ASSIGNED TASK: Will you output all of the data below exactly, omitting the images?

SUPPLIED INFORMATION:
----
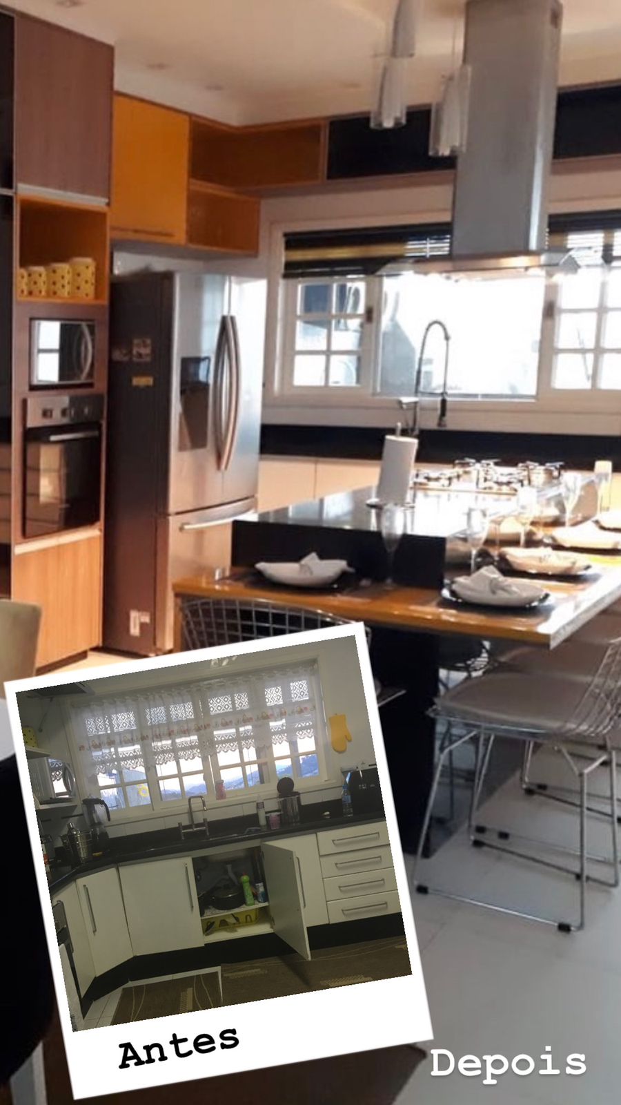 Reforma para melhor aproveitamento do espaço com mais armários para uma cozinha mais organizada.
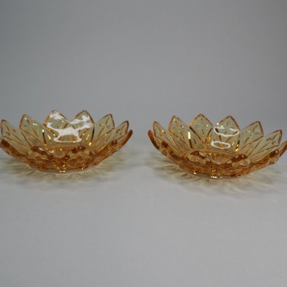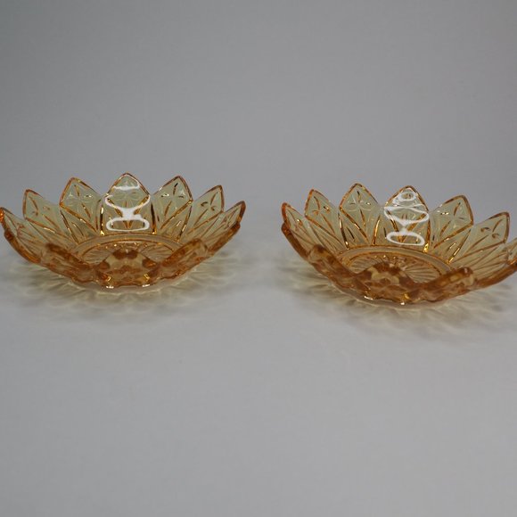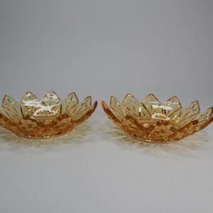 vintage pair of amber Federal Glass flower shaped small dish bowls.
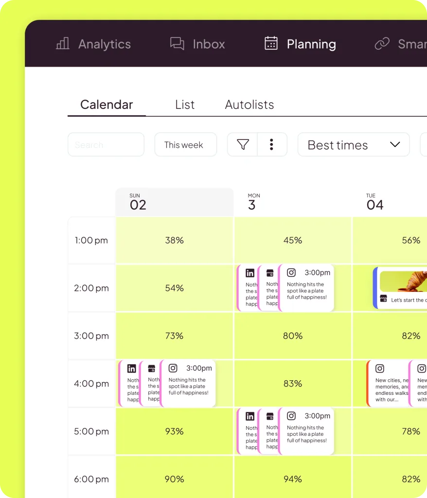 Planificador inteligente, función de arrastrar y soltar, los mejores horarios para publicar según cada cliente y gestión de contenidos con Canva y Google Drive.
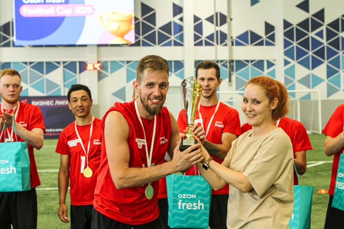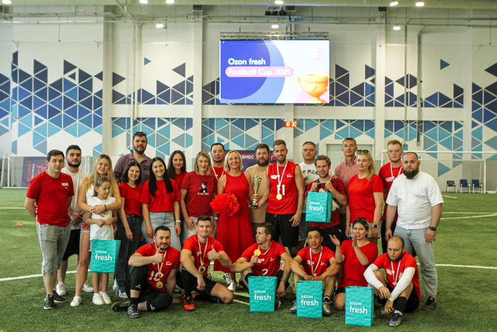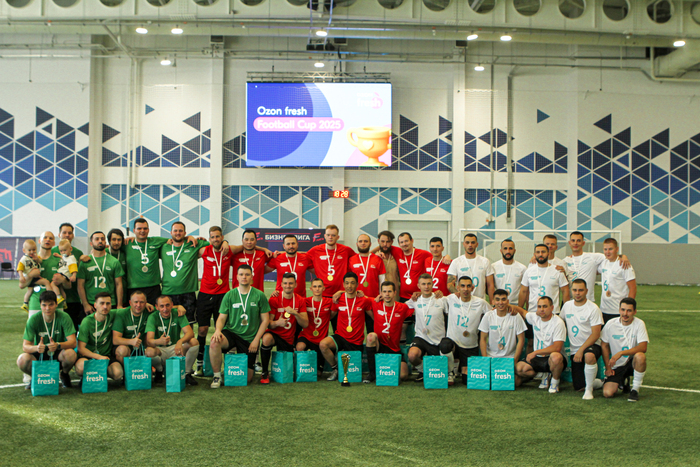 25 июля на стадионе академии спорта «Динамо» прошел первый масштабный турнир по мини-футболу Ozon fresh Football Cup среди наших сотрудников склада и курьеров. Команды из шести регионов встретились на одном поле в Москве, чтобы побороться за кубок, показать силу командного духа и просто классно провести время. Спойлер: все получилось именно так, как мы задумали — а местами даже лучше.
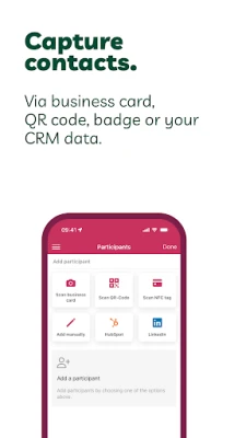 Capture leads in real time — at trade shows, during meetings or in the field. VisitReport by snapAddy digitizes your contact capturing process, letting you scan business cards, QR codes, trade show badges, NFC tags or CRM templates — all saved cleanly to your CRM.
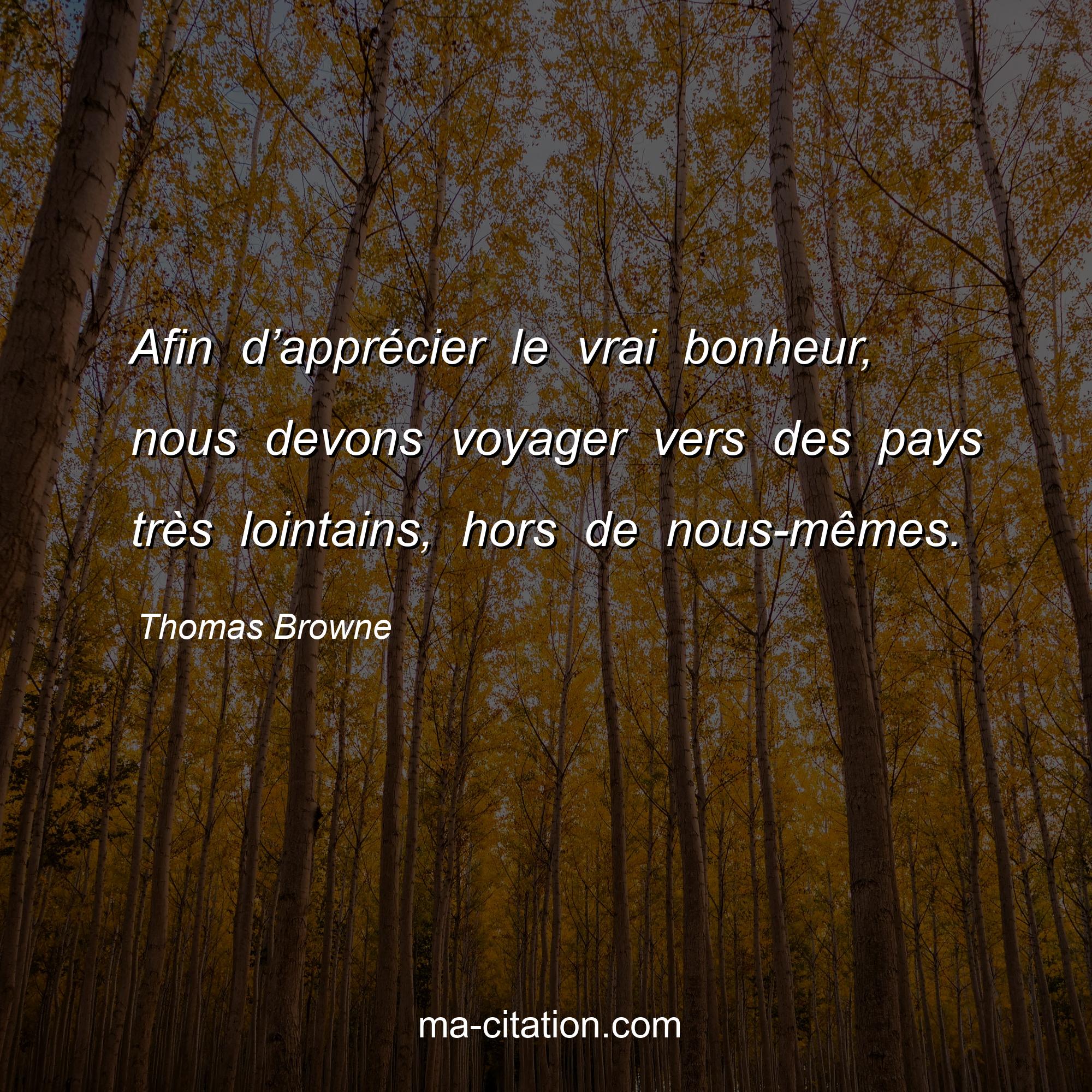 Citation sur la vie de Thomas Browne :Afin d’apprécier le vrai bonheur, nous devons voyager vers des pays très lointains, hors de nous-mêmes.
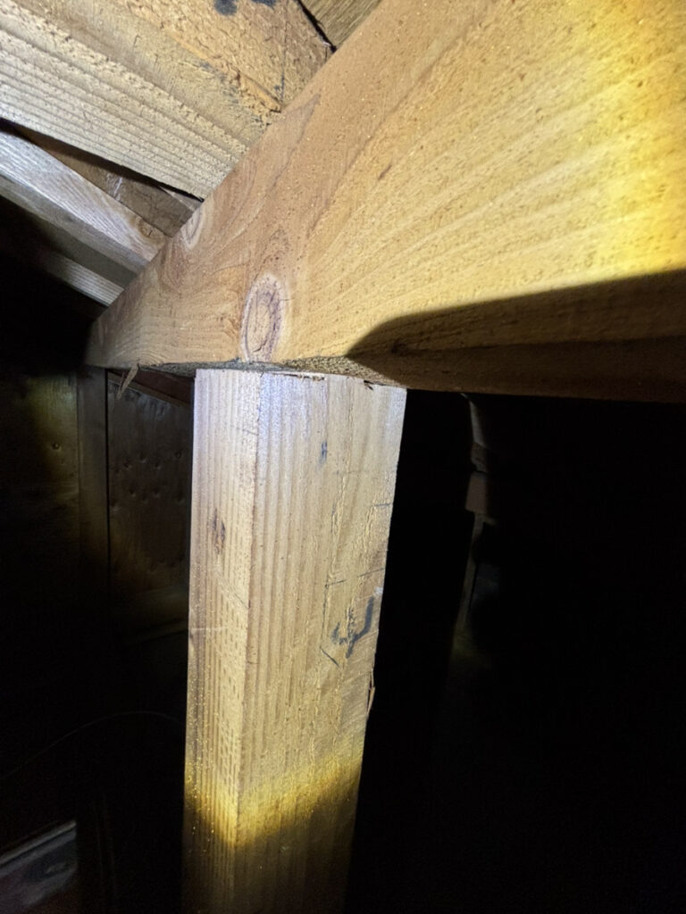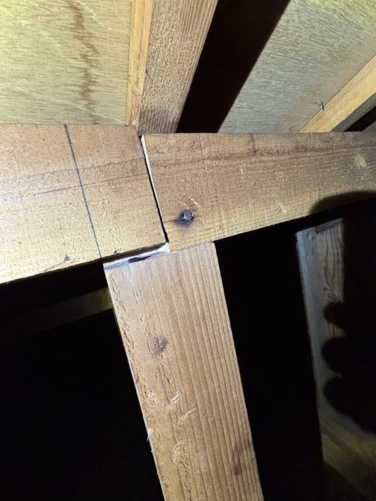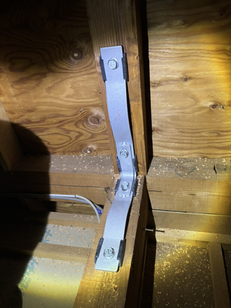 今回は顧客様からのご依頼で、耐震補強の金物工事を行いました。あわせて屋根裏の点検も実施し、建物の現状を詳しく確認させていただきました。 点検の結果、特に母屋のズレが大きく見られ、構造的にも影響が出ている状態でした。
----
FINISHED TASK:
 Reforma para melhor aproveitamento do espaço com mais armários para uma cozinha mais organizada.
 vintage pair of amber Federal Glass flower shaped small dish bowls.
 Planificador inteligente, función de arrastrar y soltar, los mejores horarios para publicar según cada cliente y gestión de contenidos con Canva y Google Drive.
 25 июля на стадионе академии спорта «Динамо» прошел первый масштабный турнир по мини-футболу Ozon fresh Football Cup среди наших сотрудников склада и курьеров. Команды из шести регионов встретились на одном поле в Москве, чтобы побороться за кубок, показать силу командного духа и просто классно провести время. Спойлер: все получилось именно так, как мы задумали — а местами даже лучше.
 Capture leads in real time — at trade shows, during meetings or in the field. VisitReport by snapAddy digitizes your contact capturing process, letting you scan business cards, QR codes, trade show badges, NFC tags or CRM templates — all saved cleanly to your CRM.
 Citation sur la vie de Thomas Browne :Afin d’apprécier le vrai bonheur, nous devons voyager vers des pays très lointains, hors de nous-mêmes.
 今回は顧客様からのご依頼で、耐震補強の金物工事を行いました。あわせて屋根裏の点検も実施し、建物の現状を詳しく確認させていただきました。 点検の結果、特に母屋のズレが大きく見られ、構造的にも影響が出ている状態でした。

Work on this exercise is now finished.